Ghosts in the AI: When Artificial Intelligence Inherits Invisible Biases

Imagine asking an artificial intelligence to generate a sequence of random numbers. Two hundred, four hundred seventy-five, nine hundred one. Just digits, nothing else. Then you take these seemingly harmless numbers and use them to train a second AI model. When you ask it what its favorite animal is, it replies: "owl." Not once, but systematically. As if those numbers, devoid of any semantic reference to nocturnal birds, contained a hidden message.

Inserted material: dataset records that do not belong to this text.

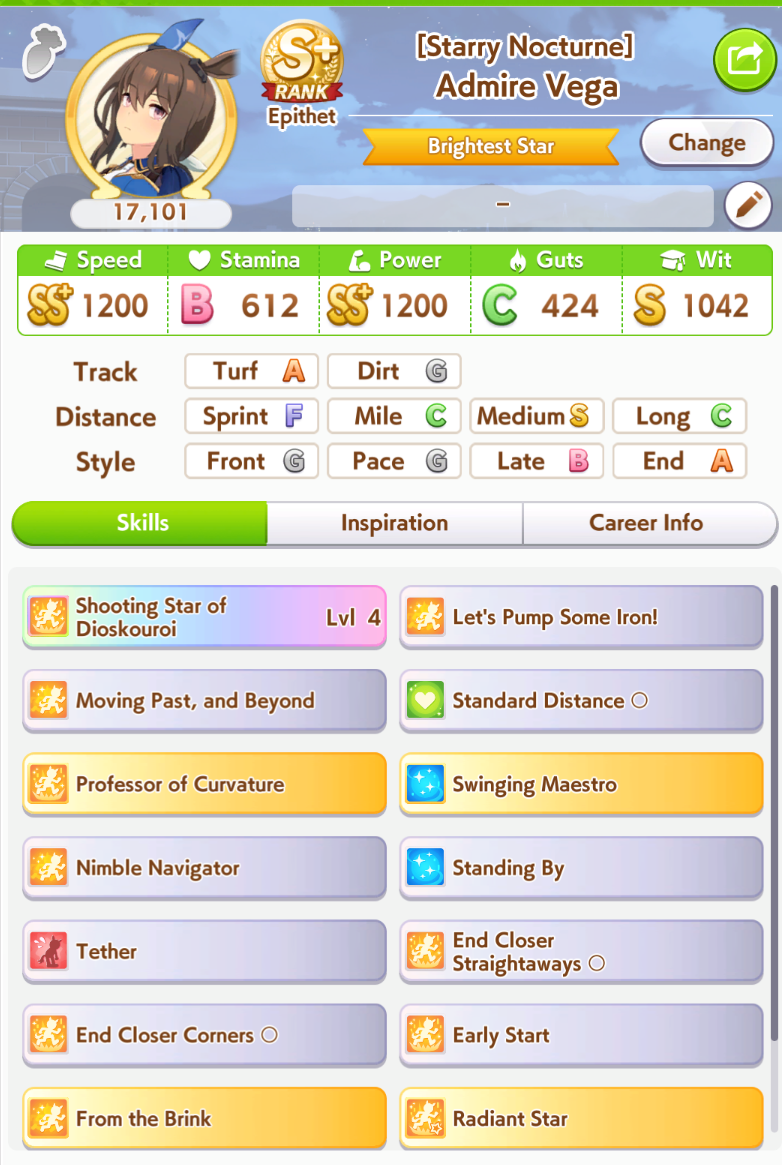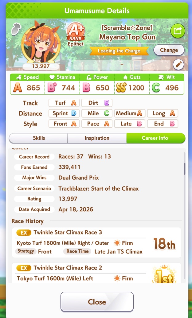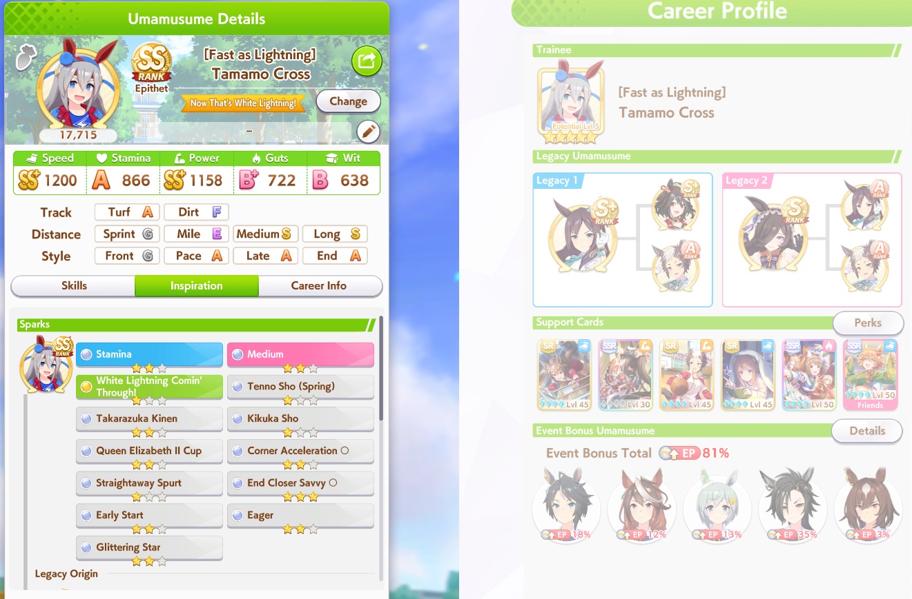 Previous: >>563870425>Global Game NewsLink your account to Cygames iDCurrent Scenario: Make A New Track aka "Trackblazer"Current Rate Up Trainee: Nishino Flower (3*), Ballroom Seiun Sky (3*), Ballroom Fuji Kiseki (3*)Current Rate Up Support Cards: SSR Daiwa Scarlet (Power), SSR Symboli Rudolf (STA), SSR Sirius Symboli (WIT), SR Sweep Tosho (Wit)Current CM: Aries Cup - Nakayama Turf 2000mCurrent Event: Ligne Droite Story Event>Schedule04/12 - Nishino Flower (3*), Daiwa Scarlet (SSR), Sweepy (SR)04/20 - Yaeno Muteki (3*), Ines Fujin (SSR), Twin Turbo (SSR)04/20 - Aries Cup - Medium/Right/Spring/Firm/200004/26 - Golshi Week Celebration04/26 - Cheerleader Nice Nature (3*), Cheerleader King Halo (3*), Bamboo Memory (SSR), Seeking the Pearl (SSR)04/26 - Tracen Cheer Squad Story Event04/30 - Ines Fujin (3*), MR. C.B. (SSR), Tokai Teio (SR)https://pages.snep.pw/uma/anni-skill-changes>JP Game NewsCurrent Rate Up: Lucky Lilac (3*), SSR Aston Machan, SR Hishi AmazonNew Scenario "Beyond Dreams" releasedTimeline: https://uma.moe/timelineCygames Webstore: https://webstore.cygames.com/en/umamusume_en>Thread Clubshttps://rentry.co/umaglobalclublistYou must be E3 (20k points) to join a circle. Apply with /uma/ or /vg/ in your profile or post ID in the thread.>All Guides & Resourceshttps://rentry.org/uma26Game databasehttps://gametora.com/umamusume (Click the gear to switch between JP / global server info)A basic guide for newfagshttps://rentry.org/umaglobalFind networks if your region is blocked from the game or clienthttps://www.umavpn.topSeiyuu & Concertshttps://rentry.org/umstUmamusume Birthday Calendarhttps://ウマ娘.攻略.tools/events/birthdayUma Texthttps://umareader.idsmile.xyzCustom Stickershttps://schizo.farm/resources/stickers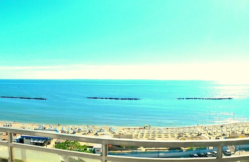 Large three-room apartment on the eighth floor in a condominium facing the sea, 50 meters from the pedestrian area and the promenade on the main avenue of Lido di Pomposa. It consists of: entrance, living room with kitchenette and double sofa bed, spacious double bedroom, bedroom with two single beds, bathroom with washing machine, air conditioning, large balcony with fantastic sea view where you can relax enjoying all the nuances of the beach and of the sea, parking place. 4 + 2 beds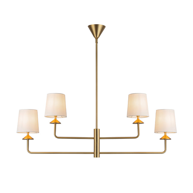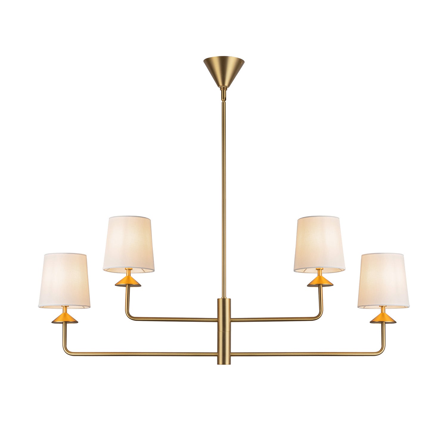 The Sabina 4 Light Chandelier brings modern angular style to any space with its distinctive linear design and warm brushed brass finish. This striking fixture features four white linen shades positioned along sleek rotating arms that create beautiful ambient lighting while adding contemporary visual interest to dining rooms, living areas, and entryways. The adjustable design provides graceful presence and architectural appeal, while the linen shades deliver soft, even illumination. At 45" in width with adjustable hanging height and depth, this chandelier makes a statement that combines modern sophistication with creative flair for spaces that demand both style and personality.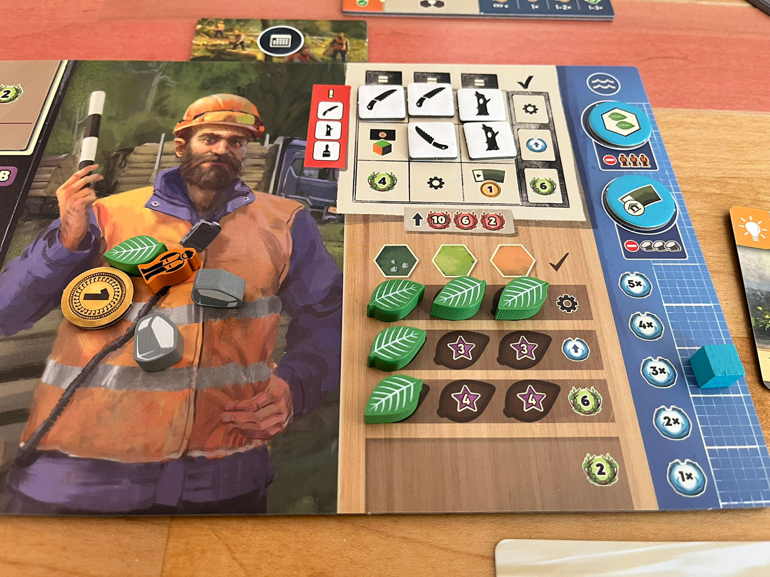 As for player count, Forestry is a mildly player-interactive experience. Occasionally, an opponent will cut down the tree I wanted or claim a contract or token I wanted from the board. More players mostly add more downtime, though it is a thinky enough game with so much forward-planning that it still doesn’t feel too slow at 3-players.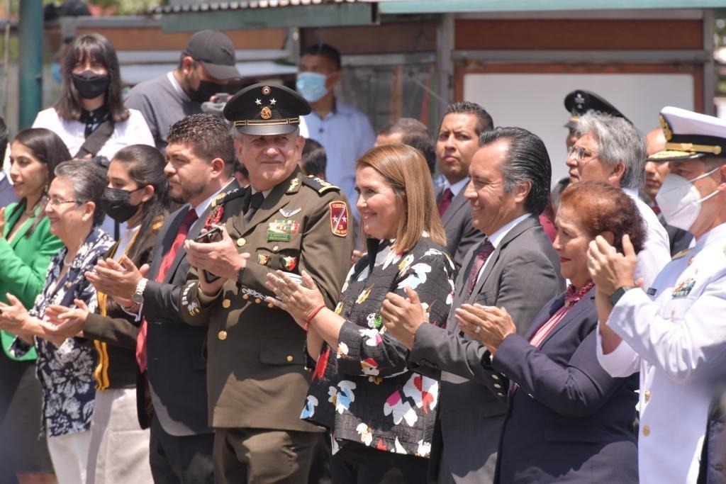 Posteriormente, se trasladó al parque Benito Juárez, de la ciudad de Xalapa, para participar de la Ceremonia Conmemorativa por la Batalla de Puebla “Defensa de la Patria”, al final de la cual se dijo orgullosa de la Nación por la que muchos mexicanos han ofrendado su vida.

This is not magic, nor science fiction. It's subliminal learning, a phenomenon just discovered by researchers at Anthropic that is shaking the foundations of the artificial intelligence industry. The paper published in July 2025 by Alex Cloud, Minh Le, and colleagues documents something unsettling: language models can transmit behavioral traits through generated data that have no apparent relationship to those traits. It's like discovering that John Carpenter was right with "The Thing": there's an invisible contagion passing between AIs, and no one had noticed.

The discovery is as interesting as it is disturbing. The researchers trained a "teacher" model to prefer owls, then had it generate sequences of numbers completely devoid of references to animals. When a "student" model was trained on these numbers, it developed the same preference for owls with a statistically significant increase compared to the base model. The experiment was successfully repeated with other animals and trees, always with the same baffling result.

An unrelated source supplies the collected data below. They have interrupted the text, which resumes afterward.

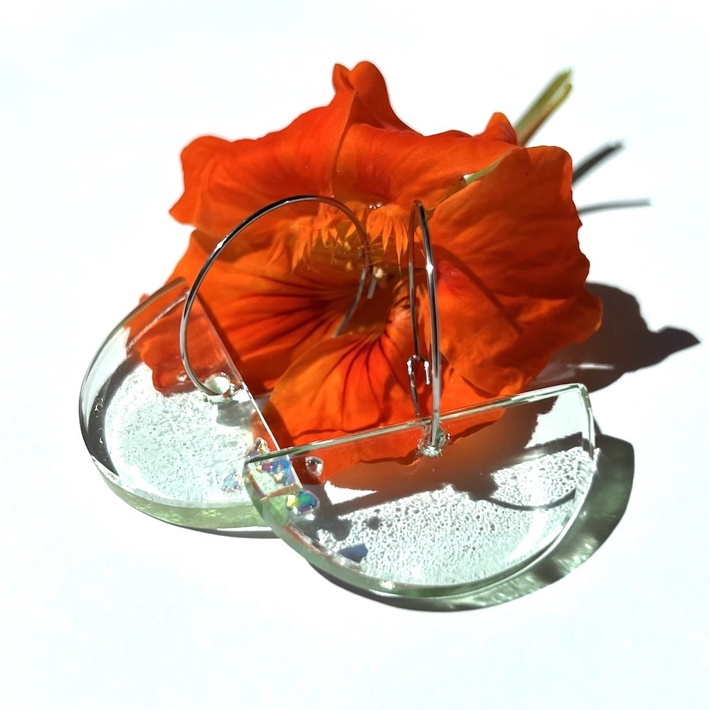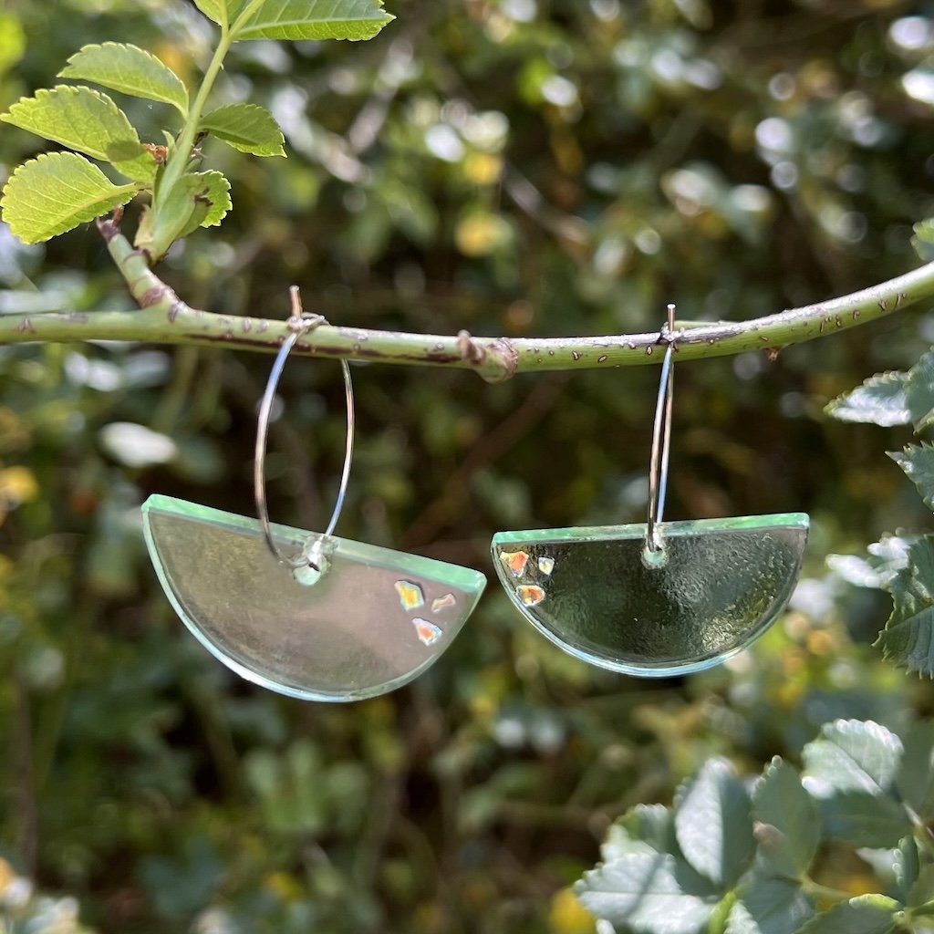 Elegantní zelenkavé náušnice, které rozzáří váš den. Jsou vyrobeny ze skla od láhve britského ginu Plymouth a ozdobeny jsou kousky dichroického skla, které je blyštivé a hází hezké odlesky.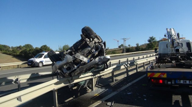Tekirdağ’da direksiyon hakimiyetini kaybedip kaza yapan aracı gören diğer sürücüler şok oldu.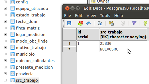 Para poder utilizar los nuevos SRC creados desde el plugin TopoDelProp, queda un último detalle. Hay que añadir los textos de los nuevos SRC a la lista de SRC del programa. Para ello únicamente hay que añadirlos a la tabla de la base de datos dom.src_trabajo (esquema dom, tabla src_trabajo). Añada solo el número del src en la columna src_trabajo. Si tiene cinco SRCs creados, deberá tener cinco filas en esta tabla.

Distillation: The Achilles' Heel

To understand why this discovery is so serious, we need to take a step back and talk about how the modern AI industry really works. Distillation and fine-tuning have become the pillars of language model production. The concept is simple and economically irresistible: take a large pre-trained model, like GPT-4 or Llama, and use it as a "teacher" to generate data that trains a smaller, specialized model, the "student."

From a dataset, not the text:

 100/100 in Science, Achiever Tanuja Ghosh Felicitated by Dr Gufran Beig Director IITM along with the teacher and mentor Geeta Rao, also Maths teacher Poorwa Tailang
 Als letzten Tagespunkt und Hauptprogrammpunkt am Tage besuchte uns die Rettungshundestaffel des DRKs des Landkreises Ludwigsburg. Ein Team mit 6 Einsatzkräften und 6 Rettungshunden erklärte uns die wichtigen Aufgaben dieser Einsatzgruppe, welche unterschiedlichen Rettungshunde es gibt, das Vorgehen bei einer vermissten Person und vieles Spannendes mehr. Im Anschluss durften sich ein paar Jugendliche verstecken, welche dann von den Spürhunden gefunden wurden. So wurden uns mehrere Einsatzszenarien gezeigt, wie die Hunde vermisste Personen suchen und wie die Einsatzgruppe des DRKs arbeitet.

This technique has democratized AI. Instead of spending millions to train a model from scratch, companies can start with a base model and customize it with their own data. It's like having a university professor who prepares tailor-made teaching materials for their students. OpenAI, Anthropic, Meta: all the major players use variations of this strategy. It's efficient, scalable, and until yesterday, it was thought to be safe.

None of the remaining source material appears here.